In Britain, the FTSE 100 eased 0.11 per cent, after data on Wednesday showed nationwide inflation hit its highest in 18 months in July.
The move lower in European markets mirrored a dim day for their Asian counterparts earlier in the day, with tech-heavy indexes in Taiwan and South Korea among the biggest losers.
MSCI's broadest index of Asia-Pacific shares outside Japan lost 0.74 per cent.
While there was no immediate trigger behind the selloff in technology stocks, analysts pointed to a confluence of factors, including President Donald Trump's growing influence over the sector and a general risk-off mood.
"What we're seeing is a relatively broad momentum unwind, probably triggered by some de-risking ahead of Powell's remarks at Jackson Hole on Friday," said Michael Brown, senior research strategist at Pepperstone.
US Commerce Secretary Howard Lutnick is looking into the government taking equity stakes in Intel as well as other chip companies in exchange for grants under the CHIPS Act that was meant to spur factory-building around the country, sources told Reuters.
The move comes on the back of other unusual deals Washington has recently struck with US companies, including allowing AI chip giant Nvidia to sell its H20 chips to China in exchange for the US government receiving 15 per cent of the revenue from those sales.
"These developments signal that the US government is heading in a concerning and more interventionist direction," said Tony Sycamore, a market analyst at IG.
In commodities, oil prices trimmed losses from the previous session, as investors awaited the next steps in talks to end Russia's war on Ukraine, with uncertainty over whether oil sanctions might be eased or tightened.
While a meeting between US President Donald Trump, Ukrainian President Volodymyr Zelenskiy and a group of European allies over the Russia-Ukraine war concluded without much fanfare, Trump said the United States would help guarantee Ukraine's security in any deal to end Russia's war there.
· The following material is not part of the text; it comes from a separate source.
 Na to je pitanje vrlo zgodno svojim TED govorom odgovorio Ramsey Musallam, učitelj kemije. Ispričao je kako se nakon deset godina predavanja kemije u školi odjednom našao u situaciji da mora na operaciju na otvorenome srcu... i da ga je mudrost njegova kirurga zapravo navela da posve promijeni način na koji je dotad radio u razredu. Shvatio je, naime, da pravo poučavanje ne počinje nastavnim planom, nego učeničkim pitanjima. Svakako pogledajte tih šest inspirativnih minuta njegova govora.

He later said on Tuesday that the United States might provide air support to Ukraine, while ruling out putting US troops on the ground.
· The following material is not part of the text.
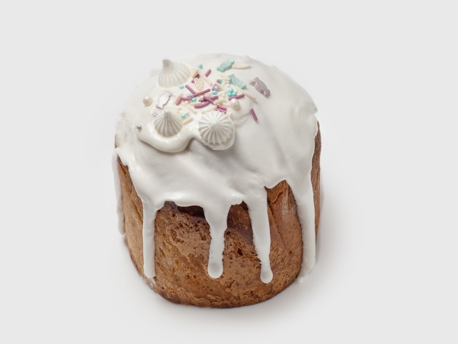 Украсить кулич глазурью и посыпкой.

"The US is not categorically underwriting anything, any security for Ukraine, even if they're open to provide some, because we don't know the conditions under which they will. So there's quite a bit of risk left out there," said Vishnu Varathan, head of macro research for Asia ex-Japan at Mizuho.
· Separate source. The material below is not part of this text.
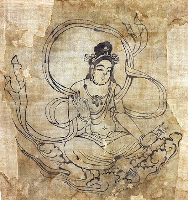 “墨画佛像”为两片麻布上下相接,描绘了乘云气,着天衣的菩萨形象。画面墨色深,运笔自由阔达。菩萨姿态端正,厚唇,双肩张开,手的表现富有肉感。该作品表现了深受中国盛唐时代影响的奈良时代的艺术风格,极具魅力。

Brent crude futures were last up 0.8 per cent at US$66.32 a barrel, while US crude tacked on 0.72 per cent to US$62.80 per barrel.
AWAITING JACKSON HOLE
All eyes are now on the Kansas City Federal Reserve's August 21-23 Jackson Hole symposium, where Fed Chair Jerome Powell is due to speak on the economic outlook and the central bank's policy framework on Friday.
Focus will be on what Powell says about the near-term outlook for rates, with traders almost fully pricing in a rate cut next month.
"Given the apparent tensions between US CPI and PPI data, (it) does come across as ... premature to declare one way or the other. And most importantly, given this kind of dilemma embedded within the data, it is hard to decipher whether the Fed would take or would emphasise the risks that start to mount on the job side of the equation or (the) need to sit firm," said Mizuho's Varathan.
Ahead of the gathering, the dollar firmed slightly, pushing the euro down 0.06 per cent to US$1.1639. Sterling rose a touch after the release of the UK inflation data and was last little changed at US$1.3494.
The New Zealand dollar tumbled more than 1 per cent after its central bank cut rates as expected and flagged further reductions in coming months as policymakers warned of domestic and global headwinds to growth. The kiwi last bought US$0.5829.
Elsewhere, spot gold rose 0.29 per cent to US$3,324.89 an ounce.